= Lily Champ =

Irish writer on gardening and kitchen gardens

Lily Champ (born ) is an Irish writer on gardening, who has grown her own fruits and vegetables for over 50 years. She writes a weekly column on her kitchen garden for the Irish Farmers Journal, and has a long-standing gardening column in Irish Country Magazine. She has lived near Portarlington in County Laois for her entire life, and has been called a "legend" of Laois gardening by Laois Today.

Champ grew up on a farm which was nearly self-sufficient for vegetables and poultry. Her own garden has been noted for its diverse flora and fauna, including a lily-of-the-valley tree which is the only one of its kind in Ireland.
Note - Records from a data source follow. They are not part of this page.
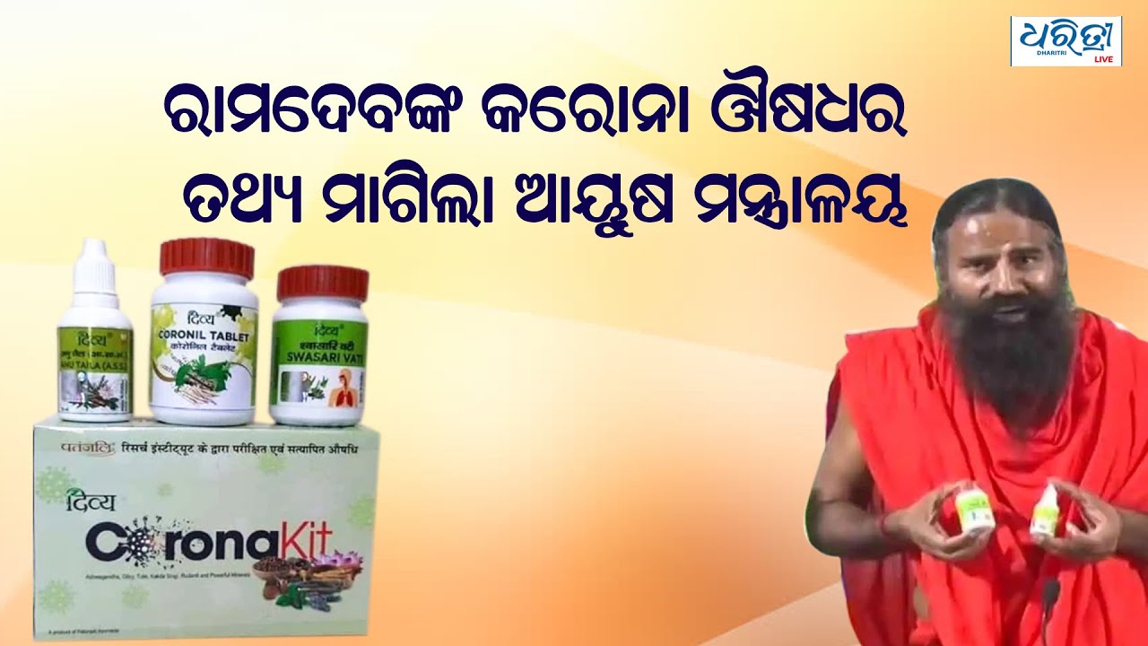 ଯୋଗଗୁରୁ ରାମଦେବ ବାବାଙ୍କ ଆୟୁର୍ବେଦ ସଂସ୍ଥା ପତଞ୍ଜଳି କରୋନା ମହାମାରୀର ଚିକିତ୍ସା ପାଇଁ ଔଷଧ ପ୍ରସ୍ତୁତ କରିଥିବା ନେଇ ଘୋଷଣା କରିଥିଲେ । ଏବେ ଏହାକୁ ନେଇ ଅଡୁଆ ବଢିବାରେ ଲାଗିଛି । କେନ୍ଦ୍ର ଆୟୁଷ ମନ୍ତ୍ରାଳୟ ପକ୍ଷରୁ ପତଞ୍ଜଳିକୁ ସବିଶେଷ ତଥ୍ୟ ମଗାଯାଇଛି । ଆୟୁଷ ମନ୍ତ୍ରାଳୟ ପକ୍ଷରୁ କୁହାଯାଇଛି ଯେ ପତଞ୍ଜଳିର କରୋନା ଔଷଧ ସମ୍ପର୍କରେ କୌଣସି ସୂଚନା ମିଳିନାହିଁ । ସରକାର ଅନୁଧ୍ୟାନ କରିବା ଯାଏ, ପତଞ୍ଜଳିକୁ କରୋନା ଔଷଧର ପ୍ରଚାର ବନ୍ଦ କରିବାକୁ କୁହାଯାଇଛ ।
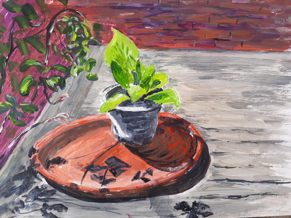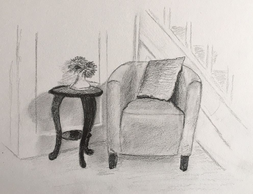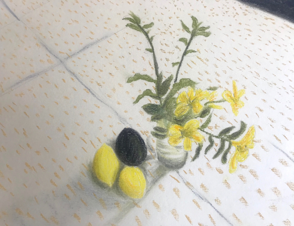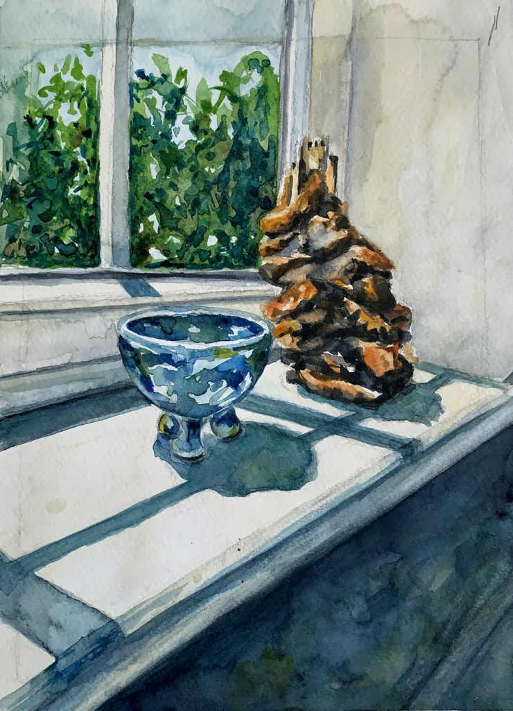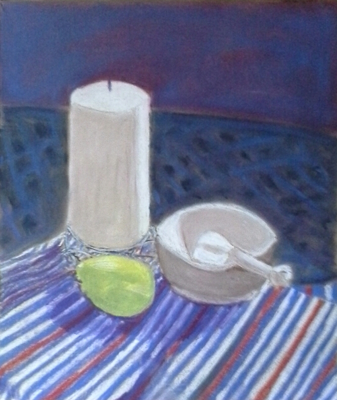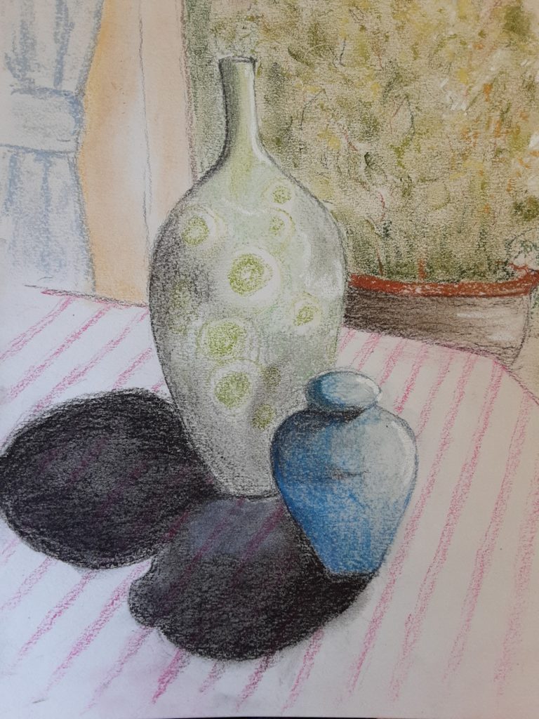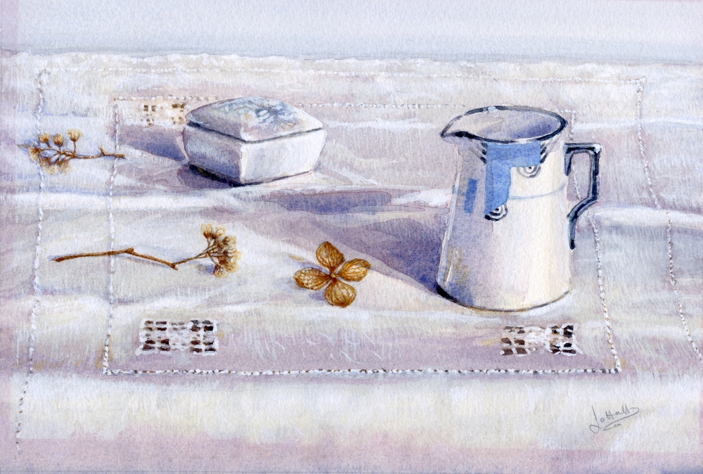 Vivienne has made an exciting composition with tone, using light against darker areas effectively. The curve of the table, shape of the jug and diagonal with the two tiles in subtle blues at the upper right, gives this painting a strong abstract framework.
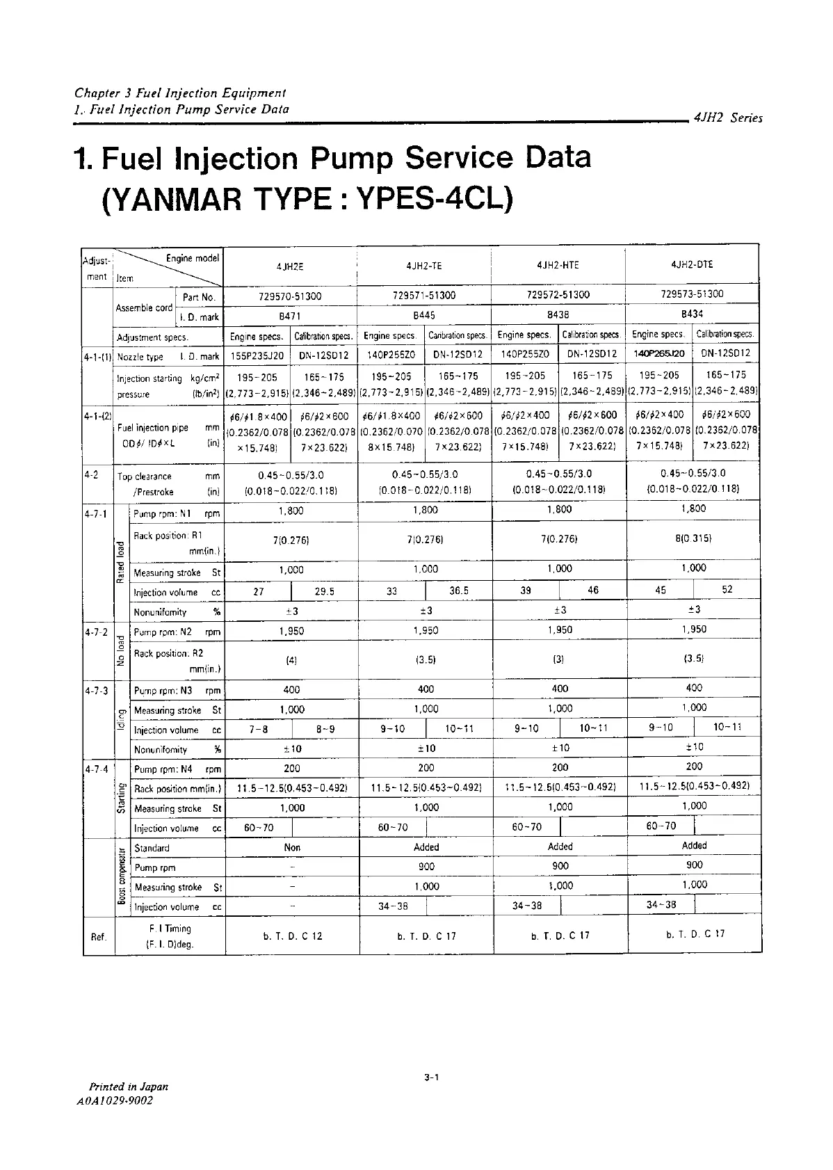 Yanmar 4JH2E - Fuel Injection Pump Service Data
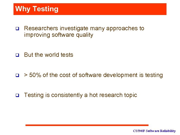Why Testing q Researchers investigate many approaches to improving software quality q But the world tests q > 50% of the cost of software development is testing q Testing is consistently a hot research topic CS 590 F Software Reliability
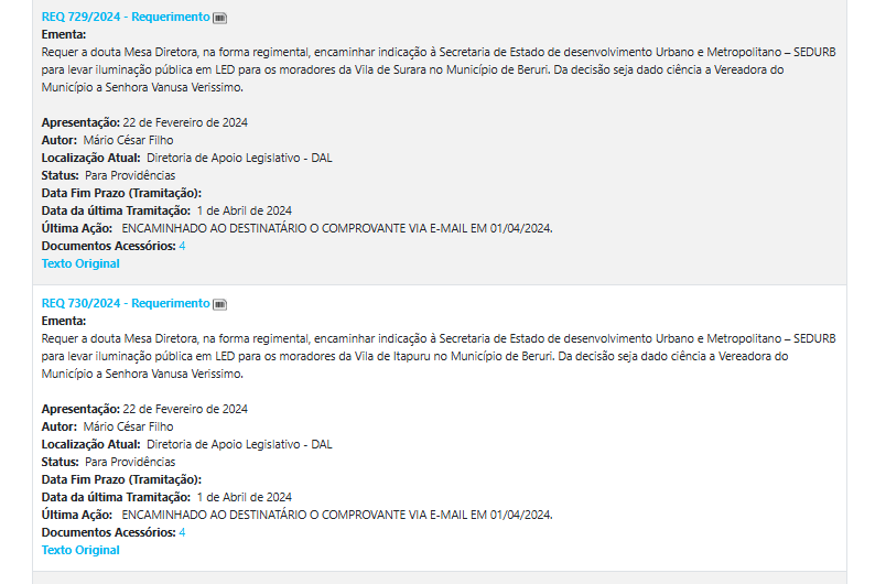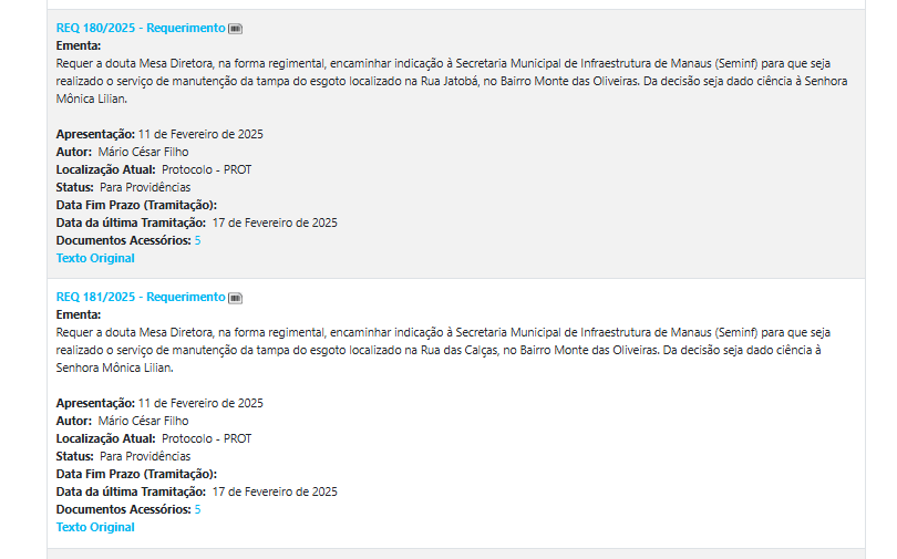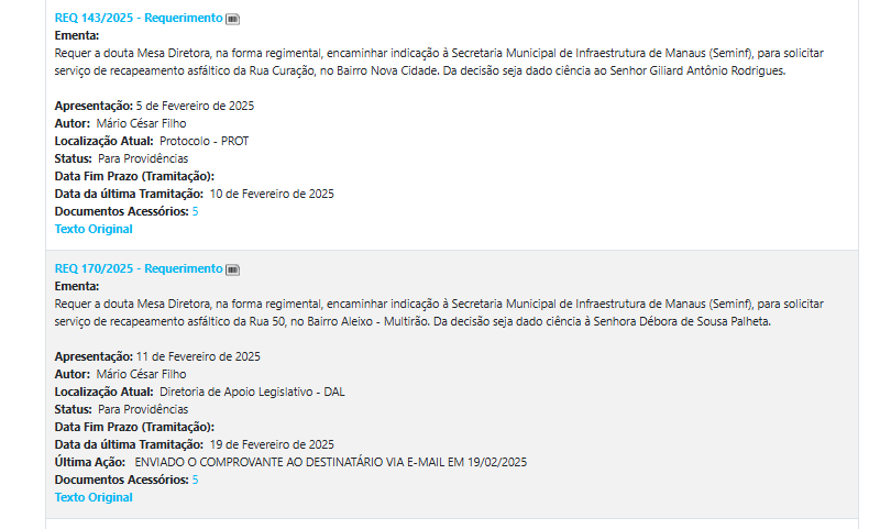 O cenário se repete em 2025, onde foram apresentados 596 requerimentos, no total, até a publicação desta análise. O número pode aumentar até o fim do ano. A maioria dos requerimentos, estão para Providências na Casa Legislativa, seguindo em tramitação.
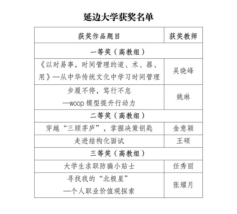 日前,由吉林省教育厅主办,高校毕业生就业指导中心承办的吉林省第十届高校职业发展与就业指导课程教学大赛落幕。全省共有368名选手进入决赛,我校教师团队在大赛中表现出色,荣获一等奖、二等奖、三等奖各2项,学校荣获优秀组织奖。

She and her garden have been featured on RTÉ One programmes including Ear to the Ground in 2010, and Nationwide in 2021. Prior to the COVID-19 pandemic, Champ regularly appeared at the annual Bloom Festival in Dublin, and gave demonstrations at the National Ploughing Championships. She was a featured speaker on growing your own food at the opening of the Stradbally Community Allotment in 2012, and provides free gardening tips to local allotment owners. In 2021, she was interviewed on Midlands 103 for The Open Door with Ann-Marie Kelly.

Champ was a contributor to the Irish Countrywomen's Association (ICA) Book of Home and Family (2013), which was nominated for best Irish published book at the National Irish Book Awards.